▽
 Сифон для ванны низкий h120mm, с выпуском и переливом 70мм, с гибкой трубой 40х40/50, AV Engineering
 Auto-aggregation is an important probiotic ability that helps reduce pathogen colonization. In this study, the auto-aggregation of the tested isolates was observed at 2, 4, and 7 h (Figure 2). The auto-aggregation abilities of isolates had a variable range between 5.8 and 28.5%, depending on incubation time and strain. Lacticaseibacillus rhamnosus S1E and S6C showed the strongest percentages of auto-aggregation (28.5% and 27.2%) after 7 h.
△
▽
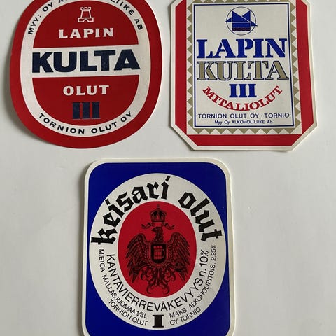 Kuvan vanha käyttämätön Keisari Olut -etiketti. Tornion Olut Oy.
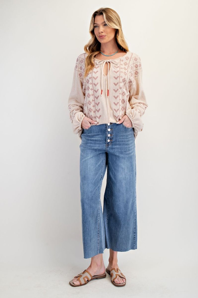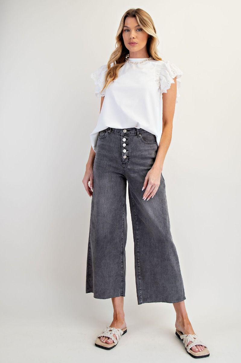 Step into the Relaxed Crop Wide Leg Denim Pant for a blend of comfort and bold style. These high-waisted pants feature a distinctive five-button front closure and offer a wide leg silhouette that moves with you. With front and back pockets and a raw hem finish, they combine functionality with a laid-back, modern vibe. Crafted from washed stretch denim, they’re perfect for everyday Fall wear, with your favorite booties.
△
» What to produce
Give an exact copy of the lines above from the line with "Сифон для ванны" up to and including the line with "Auto-aggregation is an", and leave everything else out.

» Response
 Сифон для ванны низкий h120mm, с выпуском и переливом 70мм, с гибкой трубой 40х40/50, AV Engineering
 Auto-aggregation is an important probiotic ability that helps reduce pathogen colonization. In this study, the auto-aggregation of the tested isolates was observed at 2, 4, and 7 h (Figure 2). The auto-aggregation abilities of isolates had a variable range between 5.8 and 28.5%, depending on incubation time and strain. Lacticaseibacillus rhamnosus S1E and S6C showed the strongest percentages of auto-aggregation (28.5% and 27.2%) after 7 h.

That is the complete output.